* _Exercise directions_
Every line from the one with "Giubbino in ecopelle" to the final line of the records should be printed exactly as it is, with pictures left out.

[[ Material for the task, beginning ]]

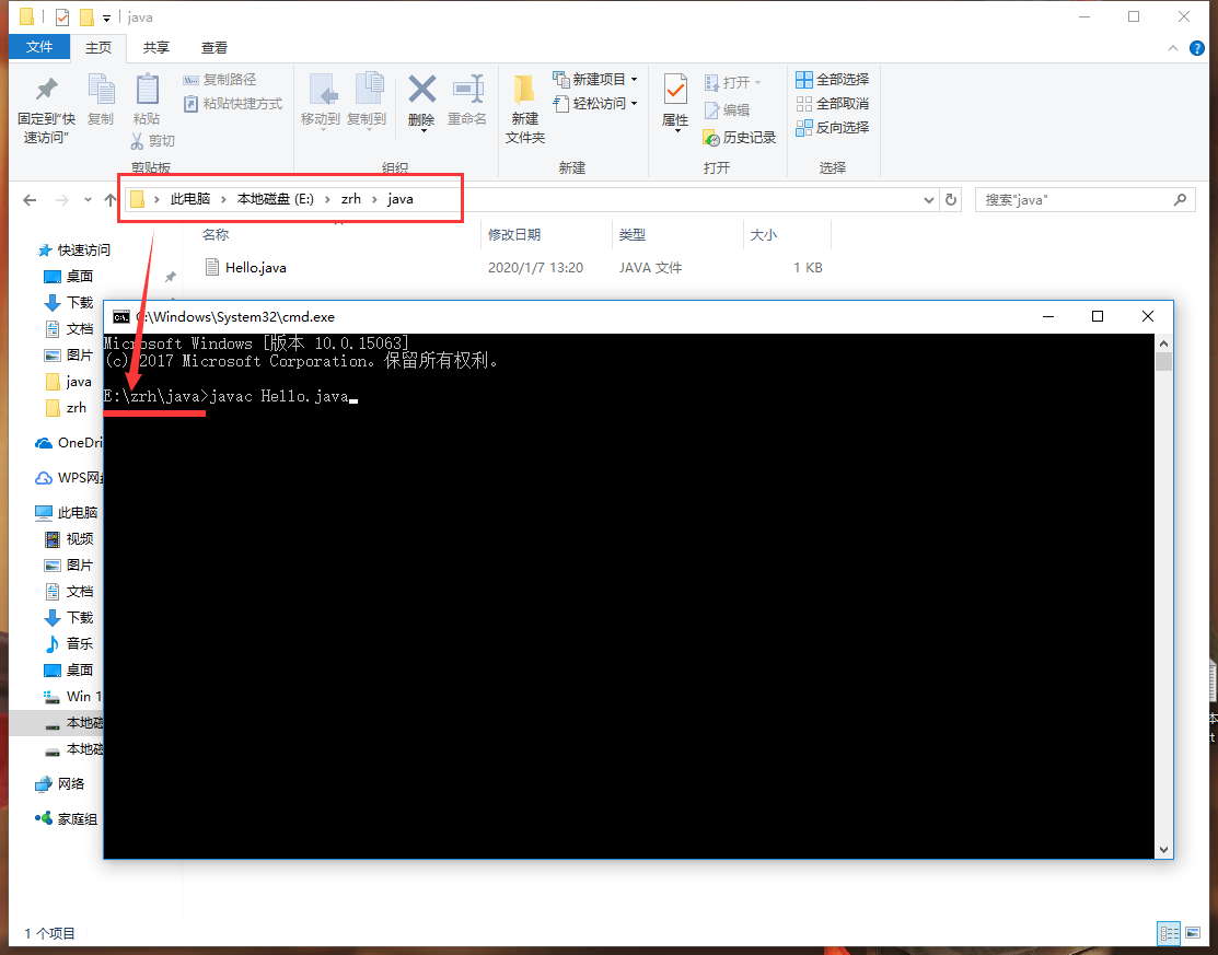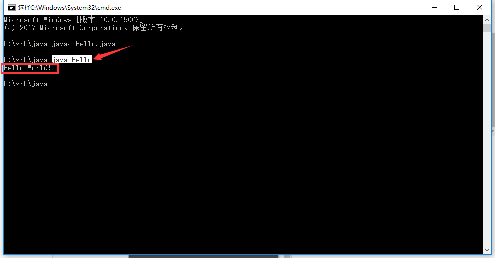 1.进入命令行界面,进入到上面编写的java文件所在的目录,然后输入javac Hello.java 编译产生字节码文件
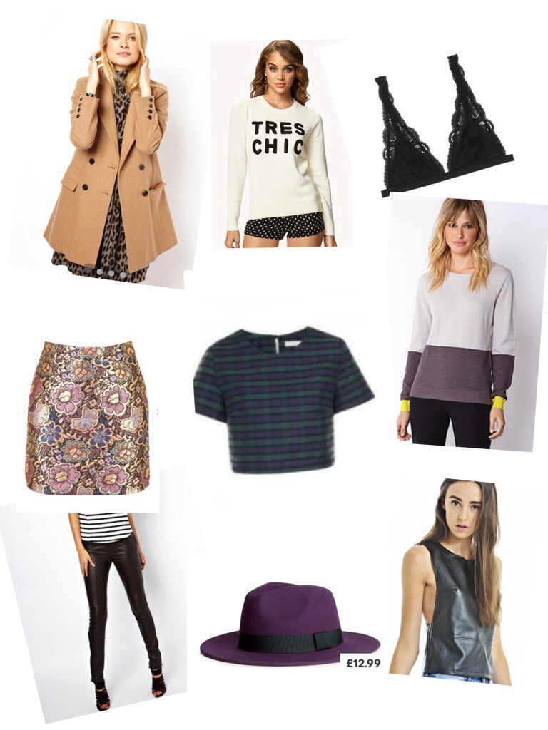 There’s a few classics I’ve been wanting forever but never seem to pick up, camel coat, leather trousers. A few big tends this season, fedora hat, tartan crop top. A few because they are so pretty, brocade and lace. The rest? Just because I love them.
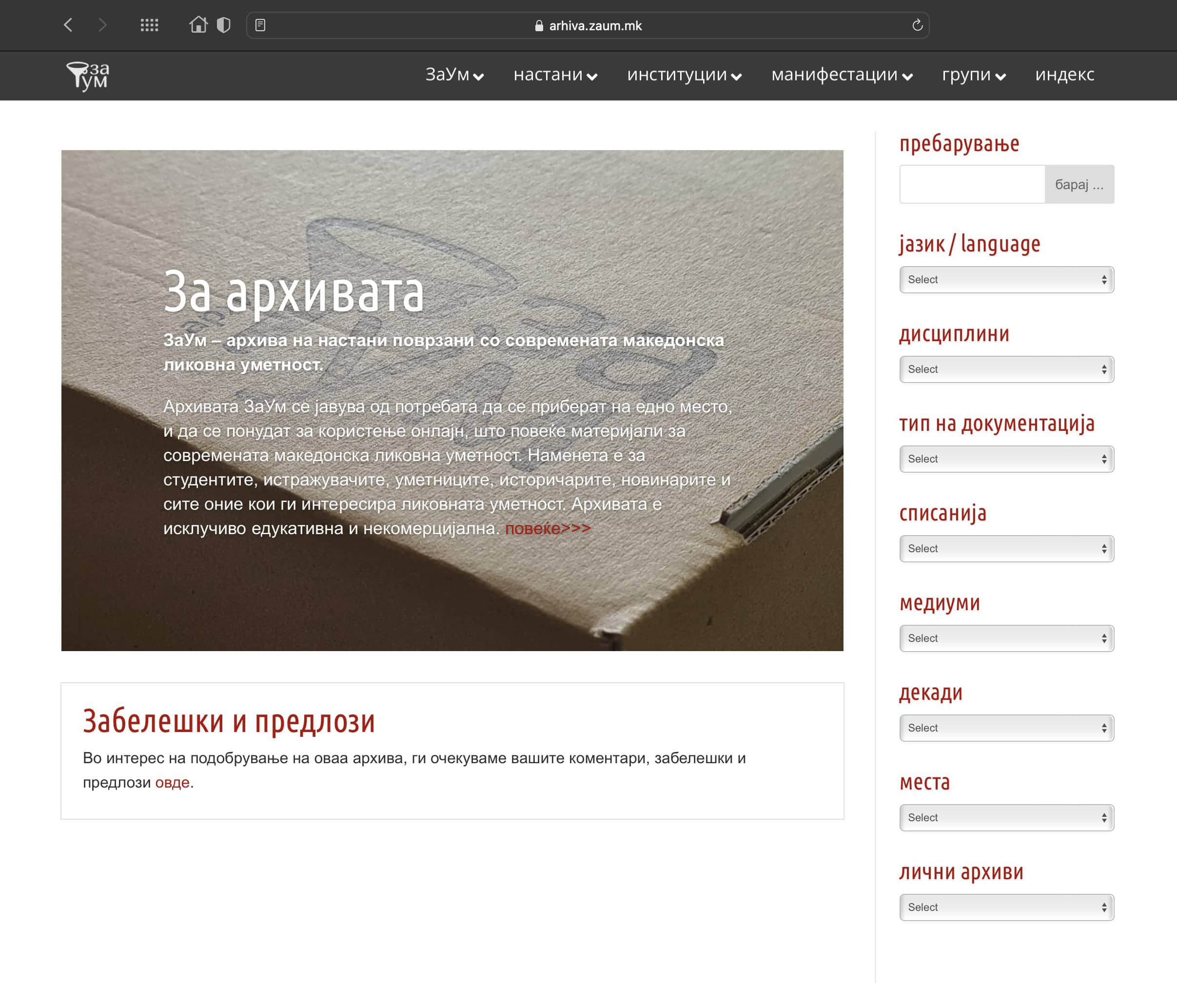 So far under this name we developed the long-term project ZaUm Archive – an open online archive of Macedonian art. For several years we have been digitizing secondary materials related to modern and contemporary Macedonian art, such as catalogs, articles, VHS tapes, etc., many of them in the state of disappearing.
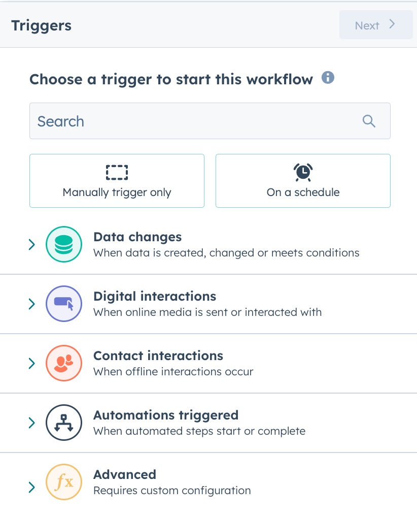 In: Choosing event-based, filter-based, manual enrollment, etc. from the get-go, and switching object without needing to make a new workflow.
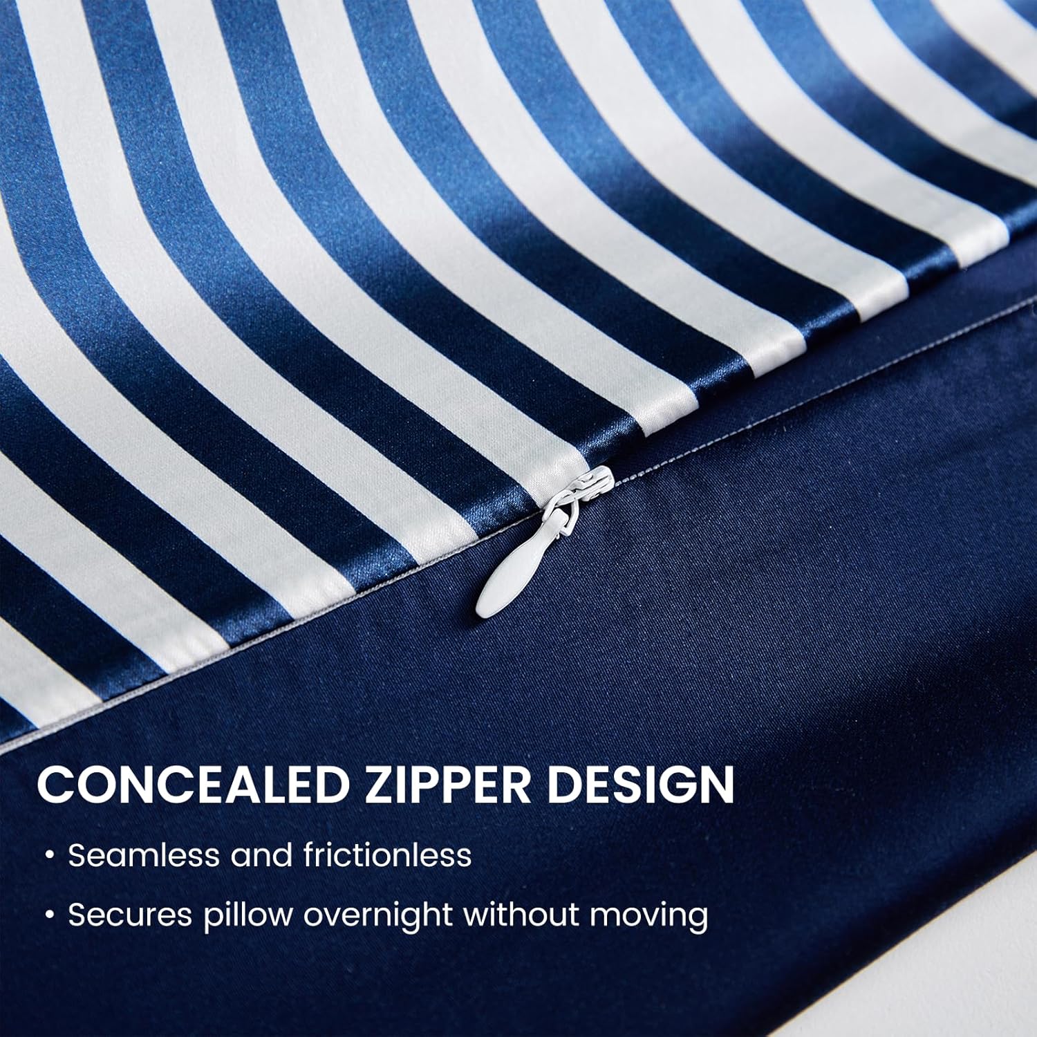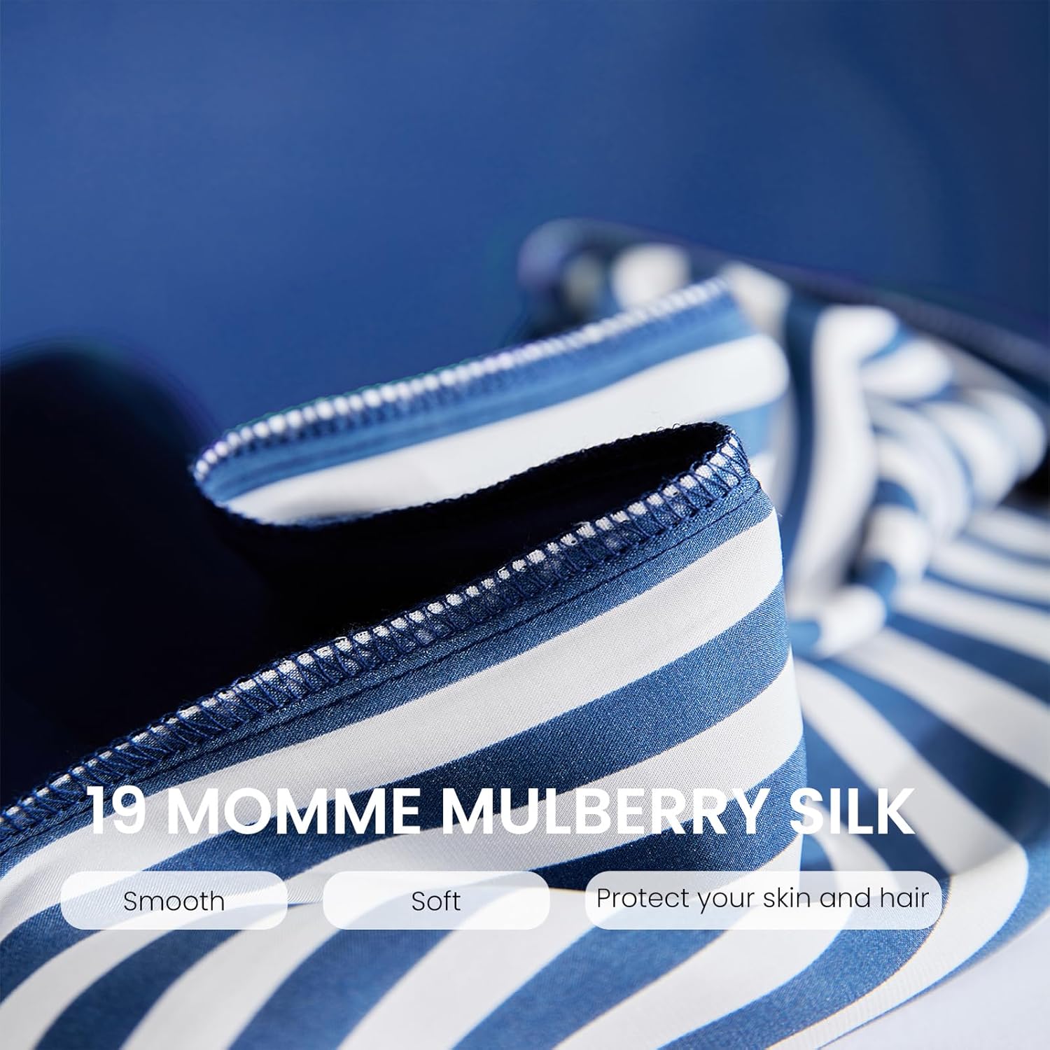 THXSILK Mulberry Silk Pillowcase for Hair and Skin Health, Grade 6A+ Mulberry Silk Pillowcase with Hidden Zipper, Soft and Breathable, 1pc (Queen 20"x30", Blue White Stripes)
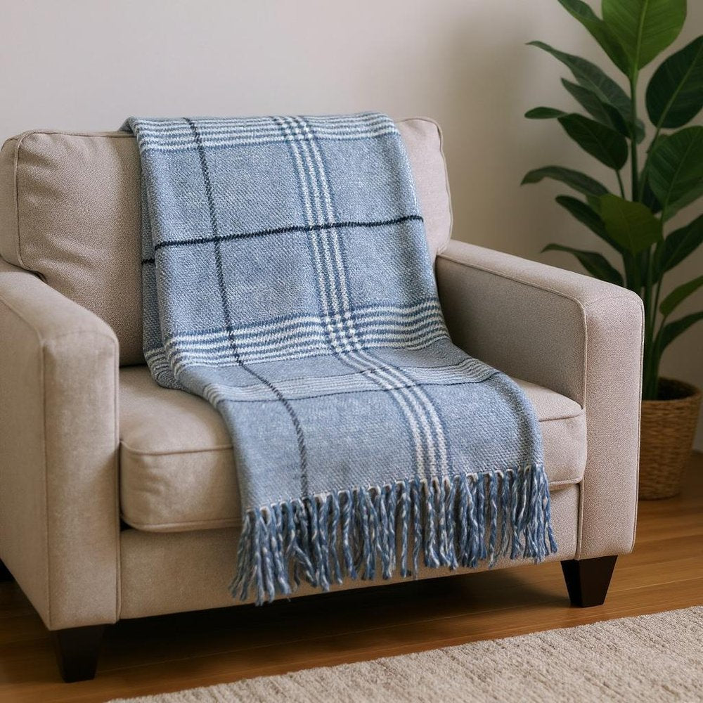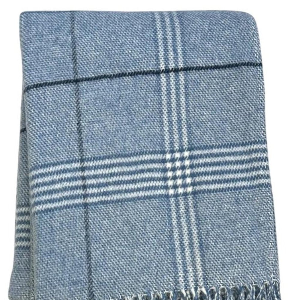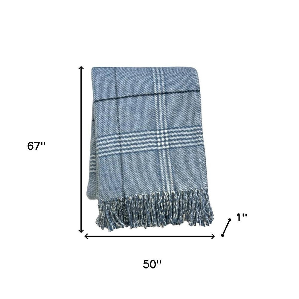 50" X 67" Denim Blue And White Cotton Blend Woven Plaid Throw Blanket with Fringe
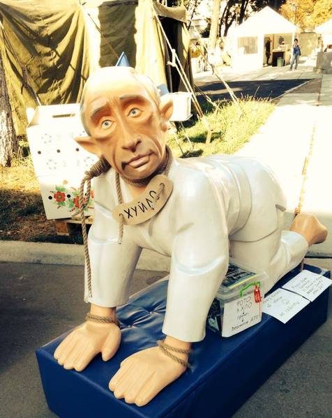 Найбільше грошей для бійців зумів залучити стенд дизайнерки Ольги Навроцької та фото-стенд із пластмасовим Путіним. Останній залучив майже 10 000 грн.
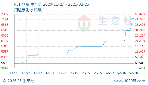 02月25日PET價格7166.67元/噸 5天上漲8.59%
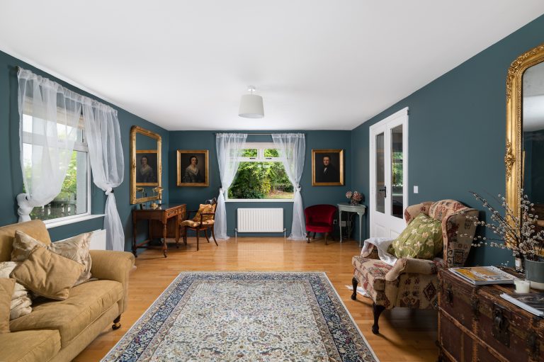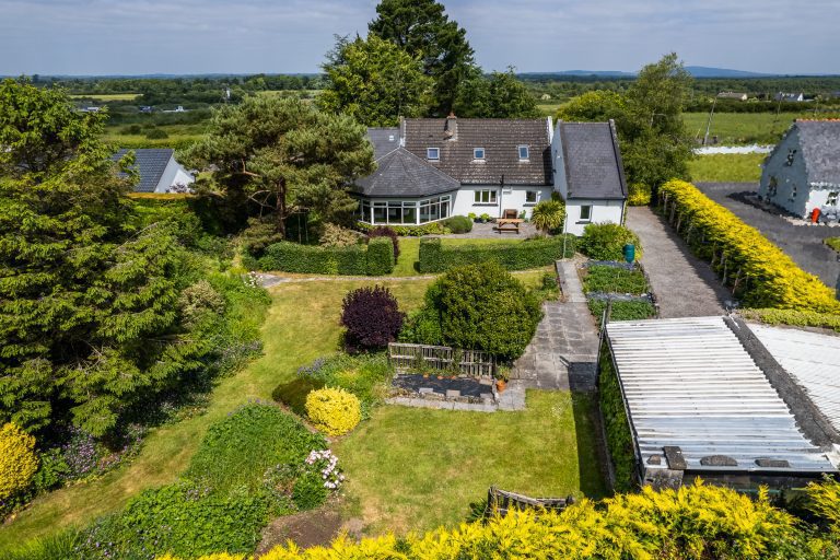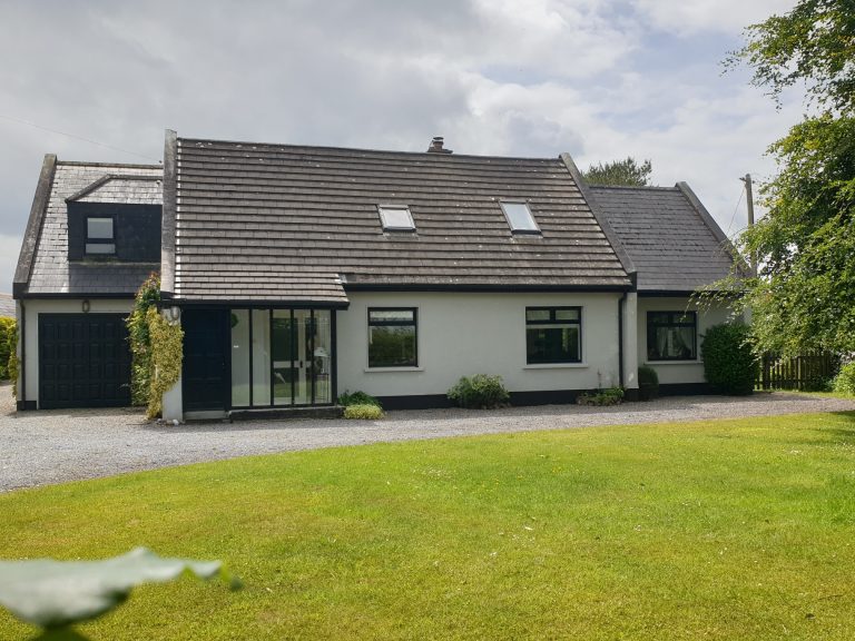 This bright and spacious 4 bed, 3 bath family home is filled with character and charm. It boasts a mature and sunny south-facing rear garden and patio areas over a 0.5 acre site. Set in a highly desirable area within a short walking distance to Portrunny Harbour on Lough Ree and a 10 minute drive to Roscommon Town and 20 minute drive to Athlone Town. Entering the property, a bright front porch and hall leads to a large kitchen/dining room and utility room. A large living room, with a new marble fireplace and high efficiency insert stove, leads to a formal dining room and south-facing sunroom with beautiful garden views. The ground floor also has a bedroom and bathroom with shower. Upstairs there is a large and luxurious master suite with bedroom, dressing room and bathroom with Jacuzzi bath. Leading off the airy landing are two spacious and bright bedrooms including a large home office/games room and a family bathroom. All bedrooms have fitted wardrobes or built in storage space. There is an attached garage and work room/studio and two large sheds to the rear of the property. Viewing is a must for anyone who is serious about purchasing a marvellous family home. Viewing is strictly by appointment only.
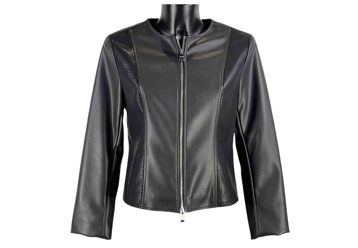 Giubbino in ecopelle collo coreana e lavorazione laterale. Full zip. NO TASCHE PRESENTI.
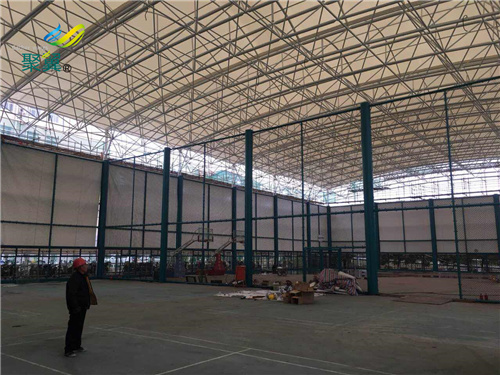 我們再來談一下柔性張拉膜結(jié)構(gòu)的安全性,按照現(xiàn)有的各國規(guī)范和指南設(shè)計的輕型張拉膜結(jié)構(gòu)具有足夠的安全性。輕型結(jié)構(gòu)在地震等水平荷載作用下能保持很好的穩(wěn)定性。由于輕型結(jié)構(gòu)自重較輕,即使發(fā)生意外坍塌,其危險性也較傳統(tǒng)建筑結(jié)構(gòu)小。膜結(jié)構(gòu)發(fā)生撕裂時,若結(jié)構(gòu)布置能保證桅桿、梁等剛性支承構(gòu)件不發(fā)生坍塌,其危險性會更小。 膜結(jié)構(gòu)的柔性使其在任一荷載作用下均以最有利的形態(tài)承載。當(dāng)然,結(jié)構(gòu)的布置和形狀要根據(jù)荷載情況來進行設(shè)計和調(diào)整。設(shè)計要確何膜面與其輔助結(jié)構(gòu)協(xié)調(diào)工作,以避免力在膜面或輔助結(jié)構(gòu)上集中而達結(jié)構(gòu)破壞的臨界值。

[[ Material for the task, end ]]

* _Solution to this exercise_
 Giubbino in ecopelle collo coreana e lavorazione laterale. Full zip. NO TASCHE PRESENTI.
 我們再來談一下柔性張拉膜結(jié)構(gòu)的安全性,按照現(xiàn)有的各國規(guī)范和指南設(shè)計的輕型張拉膜結(jié)構(gòu)具有足夠的安全性。輕型結(jié)構(gòu)在地震等水平荷載作用下能保持很好的穩(wěn)定性。由于輕型結(jié)構(gòu)自重較輕,即使發(fā)生意外坍塌,其危險性也較傳統(tǒng)建筑結(jié)構(gòu)小。膜結(jié)構(gòu)發(fā)生撕裂時,若結(jié)構(gòu)布置能保證桅桿、梁等剛性支承構(gòu)件不發(fā)生坍塌,其危險性會更小。 膜結(jié)構(gòu)的柔性使其在任一荷載作用下均以最有利的形態(tài)承載。當(dāng)然,結(jié)構(gòu)的布置和形狀要根據(jù)荷載情況來進行設(shè)計和調(diào)整。設(shè)計要確何膜面與其輔助結(jié)構(gòu)協(xié)調(diào)工作,以避免力在膜面或輔助結(jié)構(gòu)上集中而達結(jié)構(gòu)破壞的臨界值。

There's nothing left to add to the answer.